No llevaba ningún rumbo. Estiraba las piernas, después de cenar. Atravesé por delante del Crédit Lyonnais, crucé la calle Vivienne y otras más. Vi de pronto una gran cervecería que estaba medio llena de gente y, sin motivo especial, entré en ella. No tenía sed.

Eché una ojeada, buscando sitio en que no estuviese excesivamente apretado, y me fui a sentar al lado de un hombre que me pareció de edad y que fumaba en una pipa de barro de las de perra gorda, negra como el carbón.

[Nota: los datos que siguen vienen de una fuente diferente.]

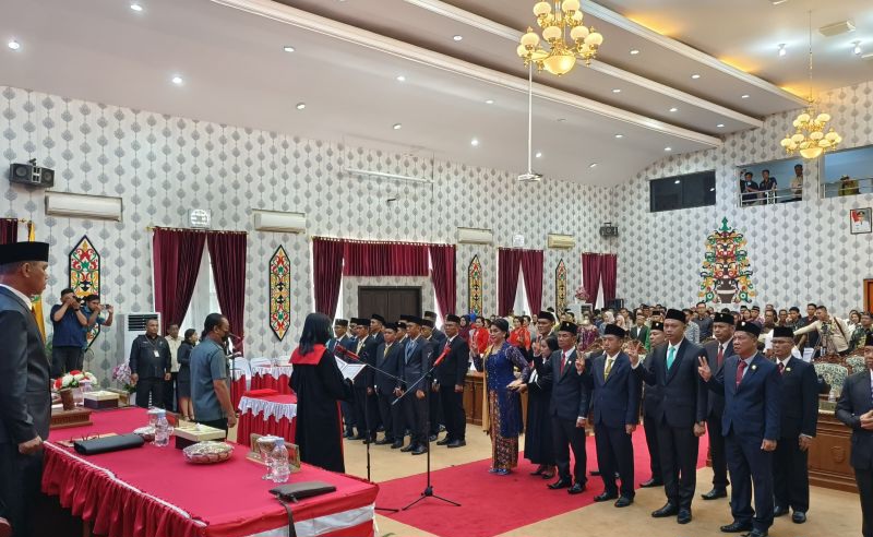 Pelantikan 25 orang anggota DPRD Kabupaten Katingan masa jabatan 2024–2029 di ruang Rapat Paripurna DPRD Katingan, Kasongan, Rabu (14/8/2024). (ANTARA/Naslee)

Seis u ocho platillos de cristal, apilados delante de él en la mesa, indicaban el número de bocks que llevaba consumidos. No me fijé en su persona. Comprendí, al primer golpe de vista, que se trataba de un bebedor de cerveza, de uno de esos parroquianos de cervecería que llegan por la mañana, cuando se abre el establecimiento, y se marchan por la noche, cuando se cierra. Era desaseado, tenía calvo el centro del cráneo, pero una cabellera entrecana, grasienta, le caía por detrás sobre el cuello de la levita. La ropa le venía ancha, como si se la hubiese hecho cuando tenía el vientre abultado. Se adivinaba que el pantalón se le caería al andar y que no podría dar diez pasos sin levantárselo de la cintura, porque le venía muy holgado. ¿Llevaría chaleco? Me asusté sólo con pensar en sus botines y en lo que contendrían. Llevaba los puños deshilachados y tan negros en los bordes como las uñas.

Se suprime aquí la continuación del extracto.